No fewer than three million people, particularly rural dwellers in Bauchi State will benefit from the Agro-Climatic Resilience in Semi-Arid Landscapes (ACReSAL), a World Bank supported project in the state, Governor Bala Mohammed has said.
The project, according to the governor, will intervene in massive tree planting, irrigation farming, agroforestry, green house farming, plant nursery development units, farm produce processing centres and integrated solar-powered borehole schemes in the state.
At the stakeholders engagement in Bauchi yesterday, the governor said the state, through the SPMU, had received the advance release of the $2m to commence implementation of the project.
He told the implementation team that seven communities in the state; Gwaram, Kirfi, Gololo, Gwallagan Mayaka, Duguri, Suleiman Adamu and Yakubun Bauchi are beneficiaries of the first stage of the project implementation with huge interventions of civil works to include storm water- drainages and dams to avert flooding and erosion.
“Bauchi State is endowed with natural resources and special ecosystems, game reserves, vast arable and irrigable lands as well as water resources comprising 10 macro-watersheds, 46 micro- watersheds, seven major rivers, five lakes and ten major wetlands,” he said.
The governor said in spite of these endowments, natural and man-induced climatic changes and population increase constitute barriers to development and the state’s capacity to reach its optimum potential.
“Our first expression of interest to participate in the ACReSAI project was prepared by the state’s technical team and submitted to the World Bank in 2021. Within two years, there were many engagements during which the state government assiduously pursued all the processes of establishing the ACRESAL State Project Management Unit (SPMU), deployment of competent staff to the SPMU, provided project vehicles and above all release of the counterpart funds in the sum N500, 000,000 in 2022 despite the dwindling resources,” he said.
The state project coordinator, Dr.

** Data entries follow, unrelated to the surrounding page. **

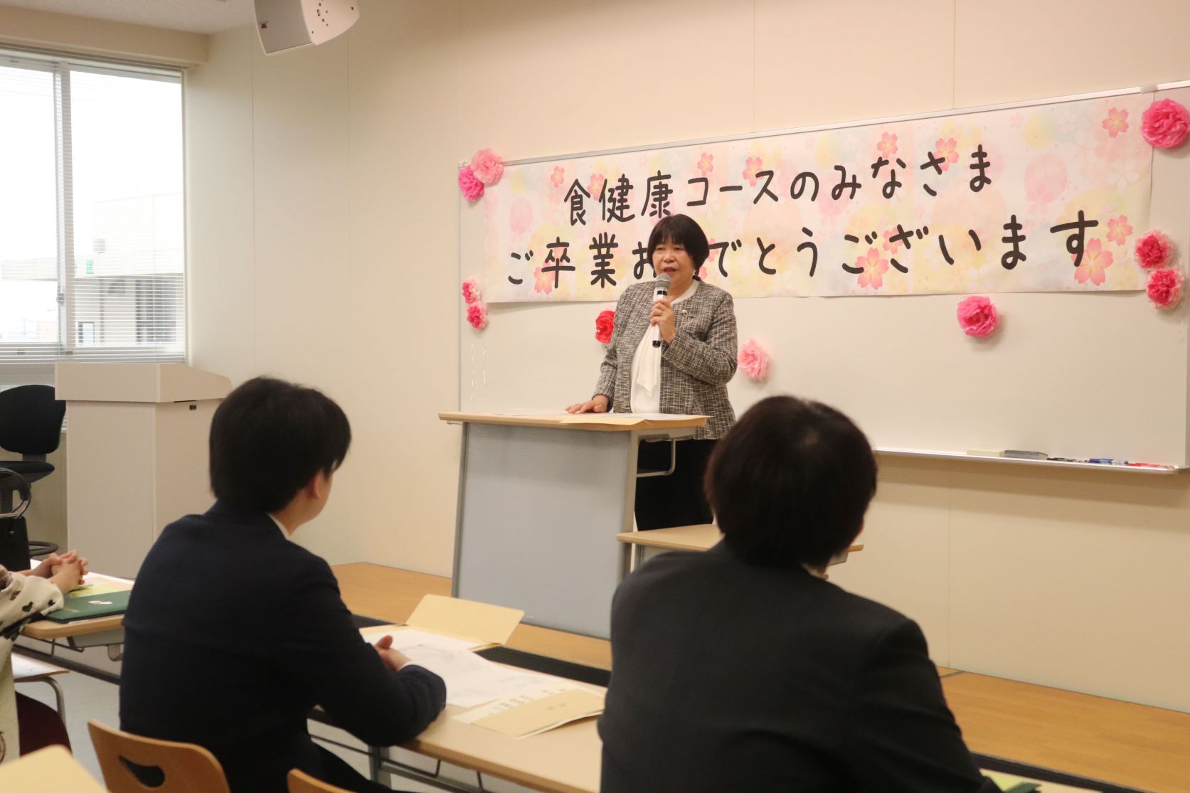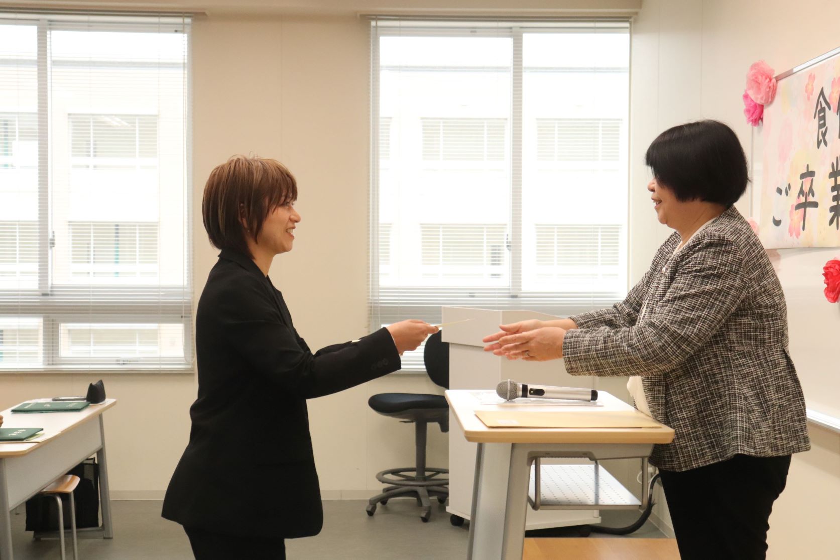 担任の西岡先生より、卒業生一人ひとりに学位記が授与され、栄養士実力認定試験の優秀賞と優良賞の表彰もあわせて行われました。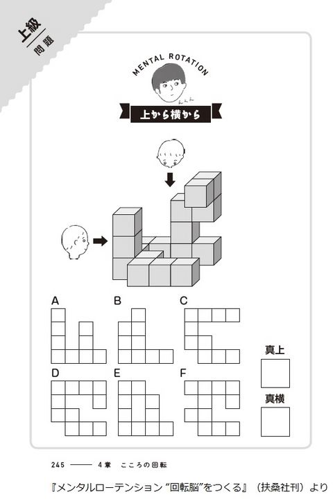 そんなメンタルローテーションを鍛えることができるのが本書。1日数問ずつ、それでも頭をかなり使うことになるだろう。ぜひ本書でメンタルローテーションを磨いてほしい。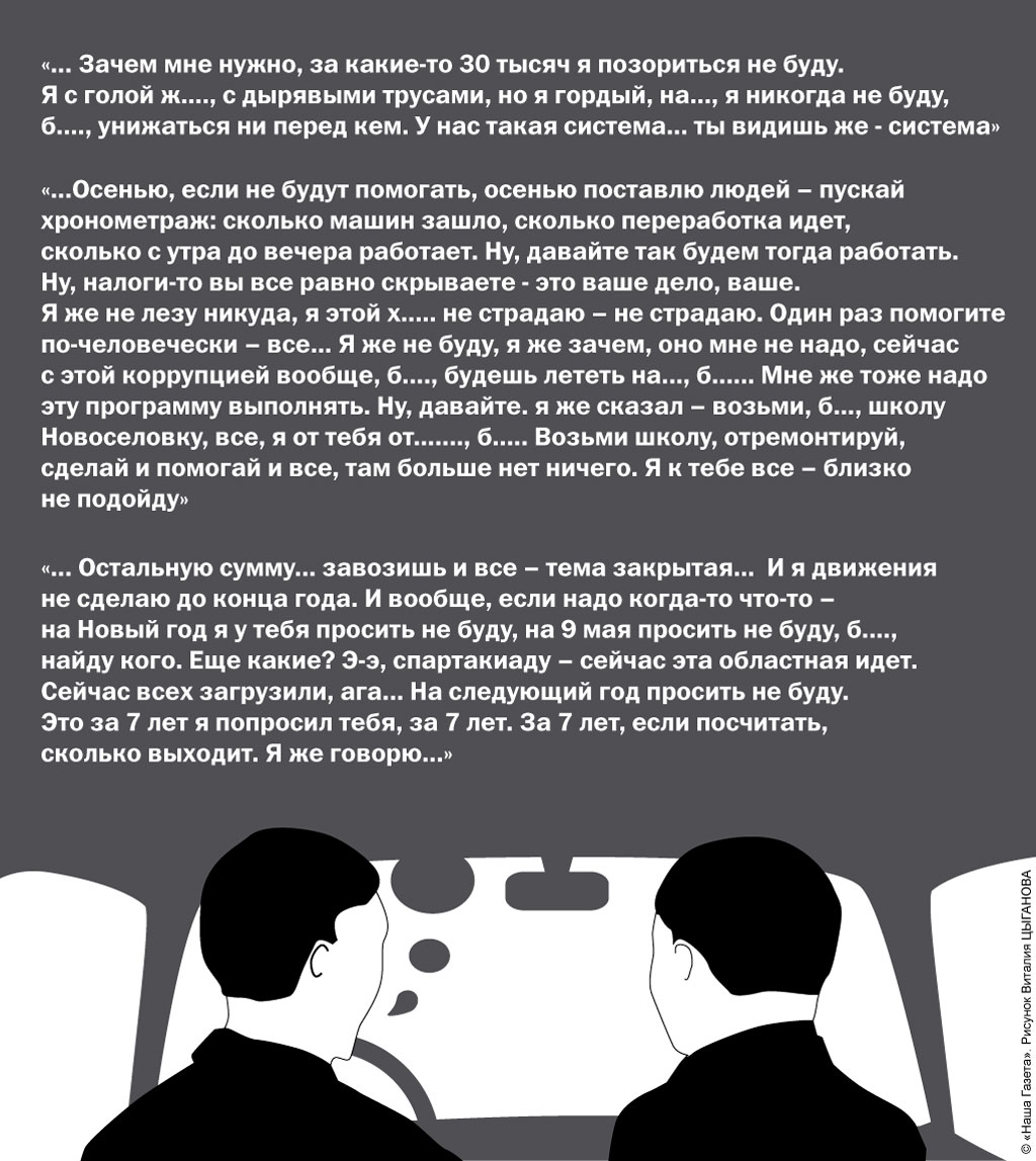 «...я же не прошу, ты мне не давай, я у тебя не просил и просить не буду, надо школу делать, делайте школу... План вот газеты «Козкарас», вот я пишу «Асар» 100 газет... отчитываюсь... 50 газет участникам... у меня 2000 пенсионеров. Распоряжение Кулагина - каждому обратить внимание. Мы решили постановлением - кому за 75 лет, тому мы покупаем газеты. Байгобилов сейчас 55 000 дает,... относит и закрывает мне газету... Каждый год Симаненко 100 000 дает на газеты... можешь пойти в редакцию проверить, Семейкин 100 000 дает каждый год, это беспроблемно, у них в обязанности вошло. Как начинается с вами - вы проблема...»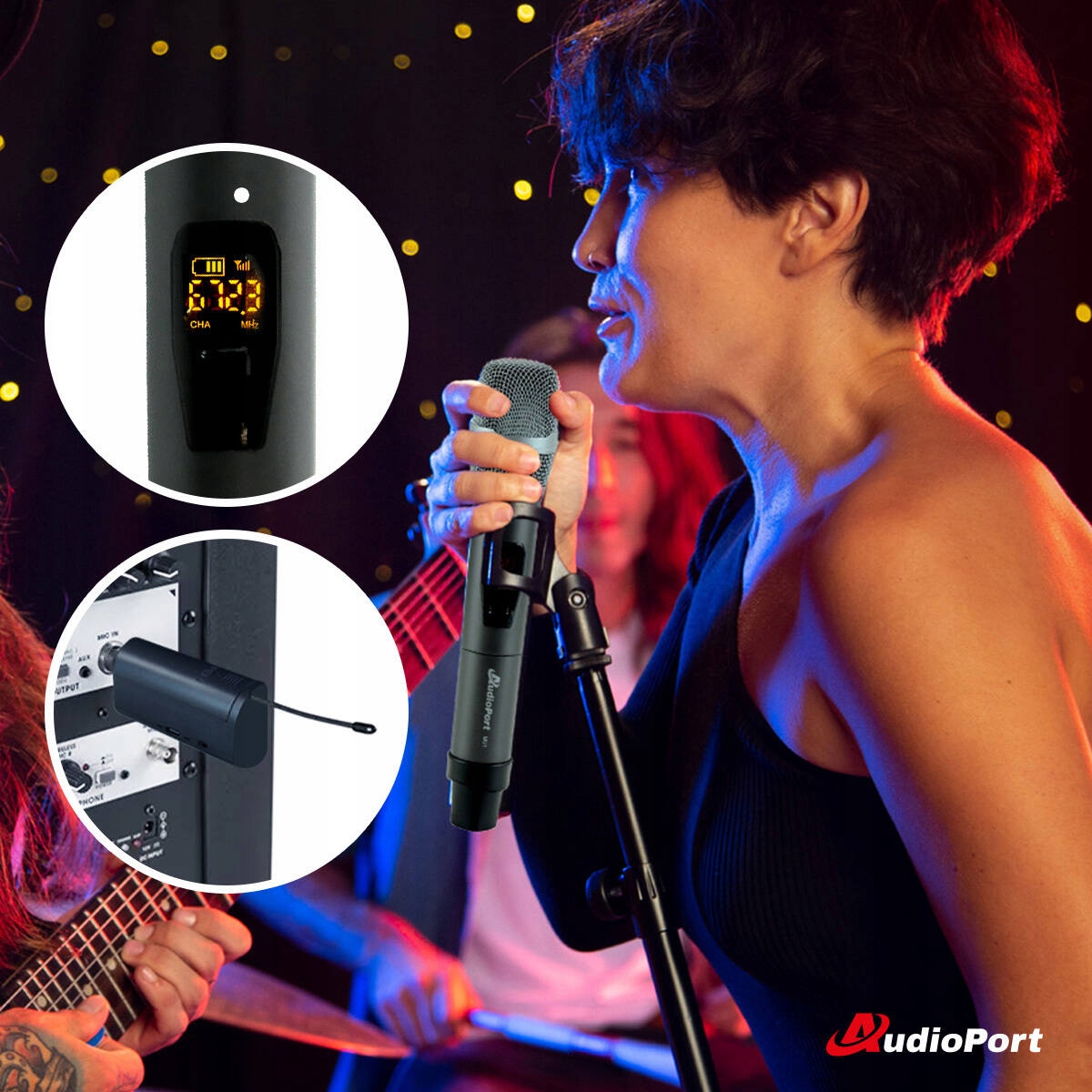 Ресивер Audioport — это компактное и удобное решение, которое можно напрямую подключить через разъем 6,3 мм к аудиосистемам, таким как микшеры, усилители или звуковые системы. Благодаря работе в диапазоне ДМВ он обеспечивает стабильную и без помех передачу звука.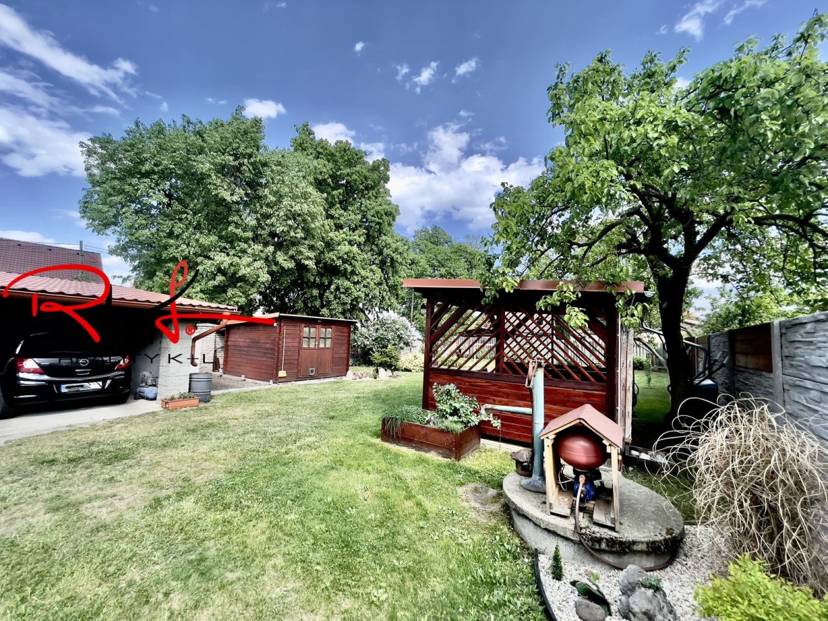 Okolí domu je velice dobře udržováno, zejména zahrada. Garáž pro jeden automobil, grilovací koutek, posezení pod pergolou.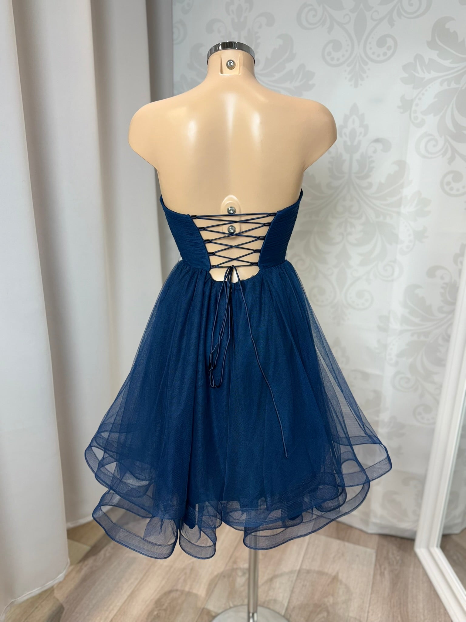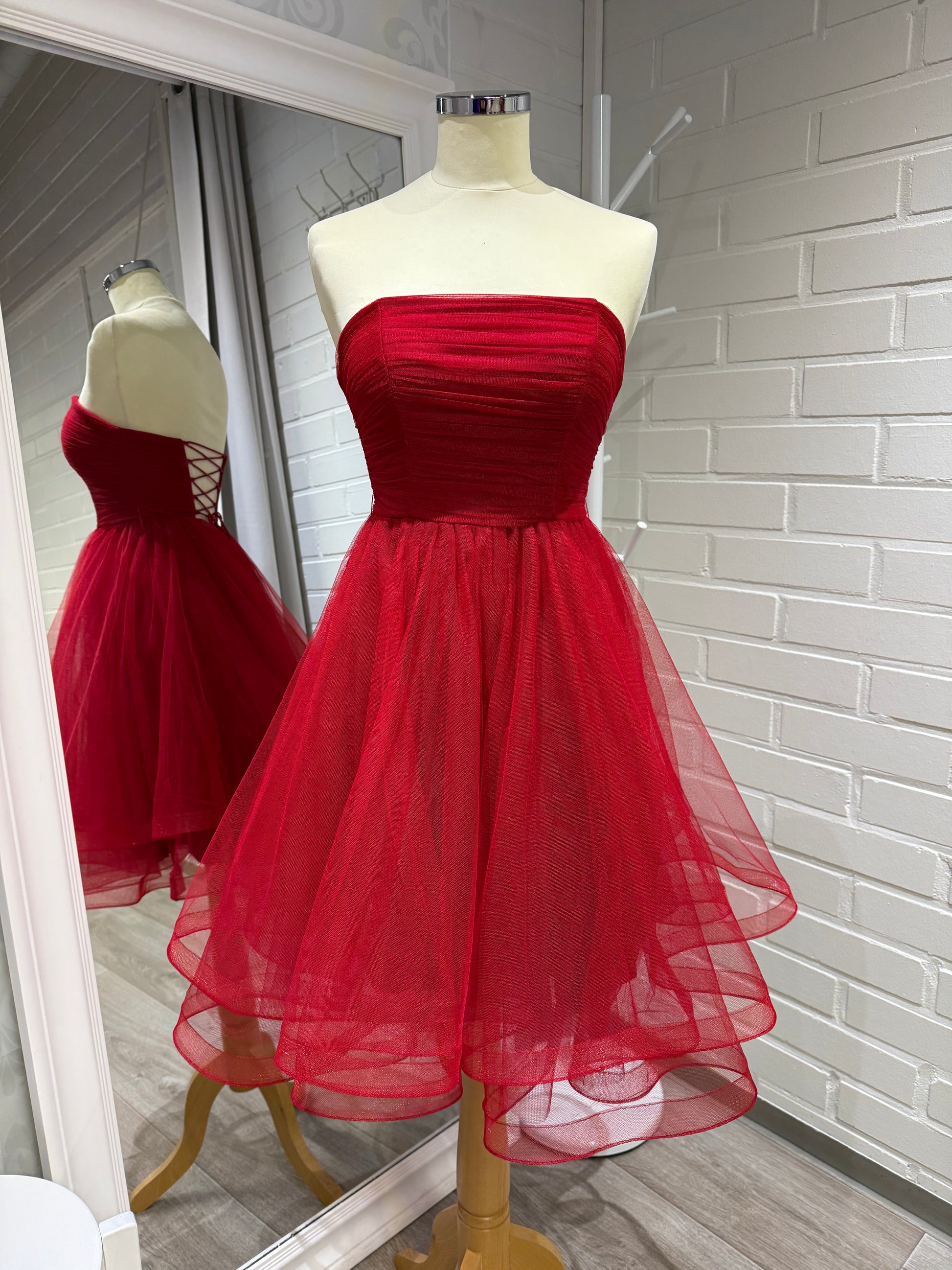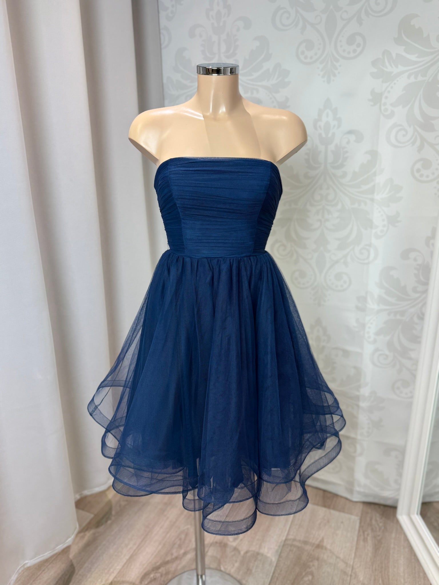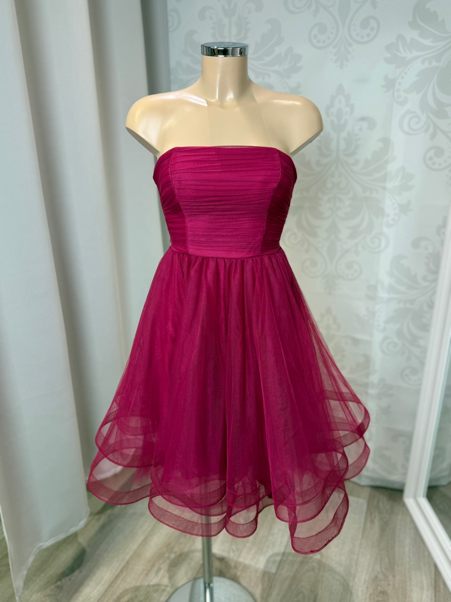 Olkaimeton juhlamekko suoralla pääntiellä ja avoimella nyörityksellä. Helmassa röyhelökerroksia.

Ibrahim Mohammed Gamawa on behalf of the benefitting communities commended the government for the initiative to participate in the ACReSAL project.
He listed the benefits of the projects, and presented representatives of the benefiting communities to the governor, while soliciting their cooperation for the successful execution and sustenance of the projects in the various communities of the state.
According to him, the implementation unit will ensure effective and judicious utilisation of all the funds for the benefit of the state.
The Emir of Katagum, Alhaji Umar Farouk II who was at the event appointed as the patron of the project implementation team assured the governor that they would do their best in ensuring its success, adding; “At the end of the six years project implementation, there would be institutionalised arrangement to sustain the laudable project in which over three million Bauchi indigenes would benefit.”
The commissioner for environment who is the chairman of the steering committee, Hamisu Mu’azu Shira, said the project is a welcome development to the state, hence the need for the steering and technical committees to engage all the critical stakeholders to achieve the desired objectives.